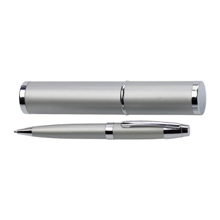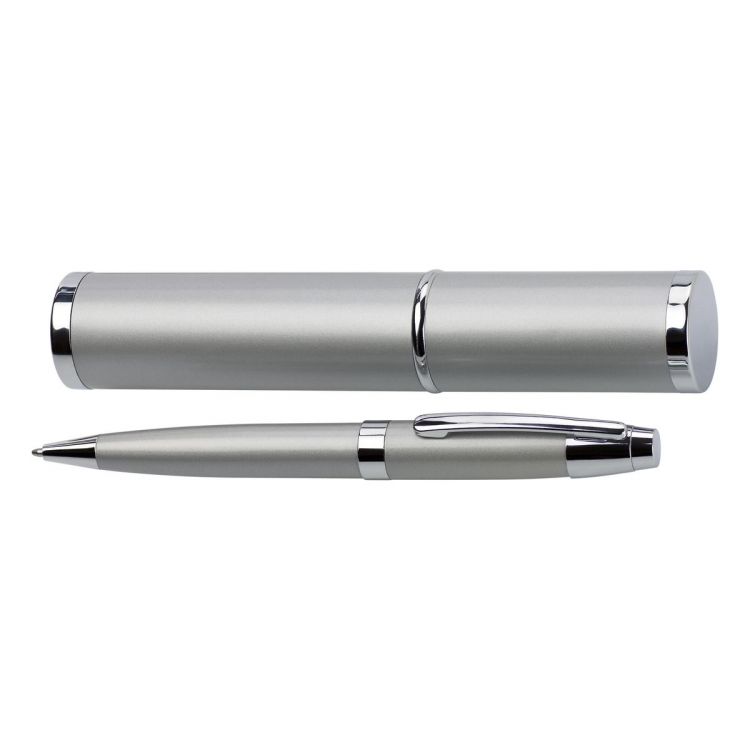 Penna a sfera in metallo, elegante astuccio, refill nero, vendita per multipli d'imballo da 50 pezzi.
──────────
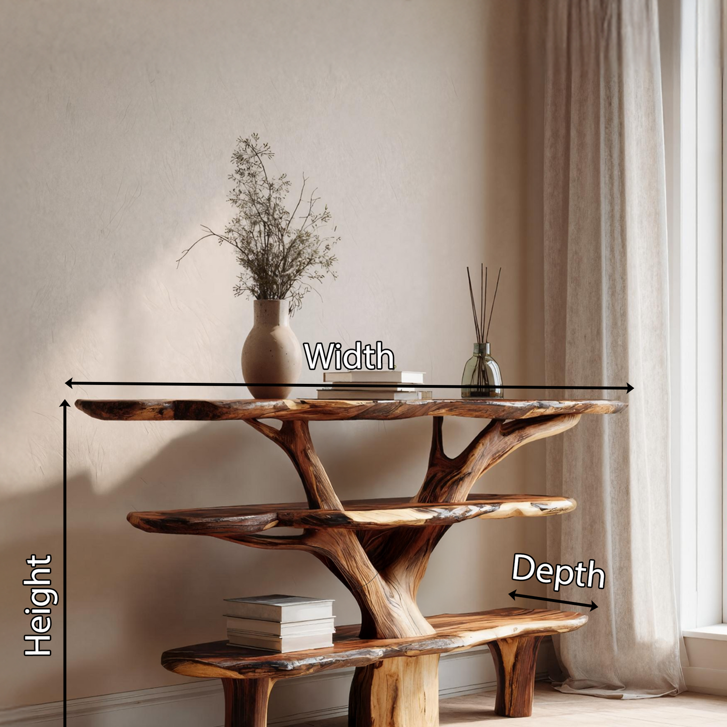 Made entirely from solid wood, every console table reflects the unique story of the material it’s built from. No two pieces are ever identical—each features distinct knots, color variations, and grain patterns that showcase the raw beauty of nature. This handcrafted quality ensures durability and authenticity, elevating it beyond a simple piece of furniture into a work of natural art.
──────────
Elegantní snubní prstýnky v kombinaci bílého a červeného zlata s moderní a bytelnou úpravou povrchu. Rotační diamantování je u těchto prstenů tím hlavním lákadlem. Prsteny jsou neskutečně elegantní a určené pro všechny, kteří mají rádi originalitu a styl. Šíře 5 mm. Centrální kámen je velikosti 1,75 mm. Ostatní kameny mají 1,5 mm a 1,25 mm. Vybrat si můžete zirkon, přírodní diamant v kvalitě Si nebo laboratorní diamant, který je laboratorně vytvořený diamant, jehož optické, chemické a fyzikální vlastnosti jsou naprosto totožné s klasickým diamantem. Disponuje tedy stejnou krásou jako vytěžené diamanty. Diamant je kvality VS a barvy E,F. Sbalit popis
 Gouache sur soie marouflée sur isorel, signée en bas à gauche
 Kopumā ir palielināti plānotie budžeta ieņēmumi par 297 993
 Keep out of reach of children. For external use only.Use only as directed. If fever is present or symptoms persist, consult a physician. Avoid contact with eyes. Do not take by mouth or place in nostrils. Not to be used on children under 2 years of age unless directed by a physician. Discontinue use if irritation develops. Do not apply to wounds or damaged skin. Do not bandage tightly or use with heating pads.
──────────
• **TRY IT**:
Transcribe, exactly and without additions, the lines of the records above, beginning with the line that contains "Gouache sur soie" and ending with the line that contains "Keep out of", both included.

• **RESULT FOR THIS EXERCISE**:
 Gouache sur soie marouflée sur isorel, signée en bas à gauche
 Kopumā ir palielināti plānotie budžeta ieņēmumi par 297 993
 Keep out of reach of children. For external use only.Use only as directed. If fever is present or symptoms persist, consult a physician. Avoid contact with eyes. Do not take by mouth or place in nostrils. Not to be used on children under 2 years of age unless directed by a physician. Discontinue use if irritation develops. Do not apply to wounds or damaged skin. Do not bandage tightly or use with heating pads.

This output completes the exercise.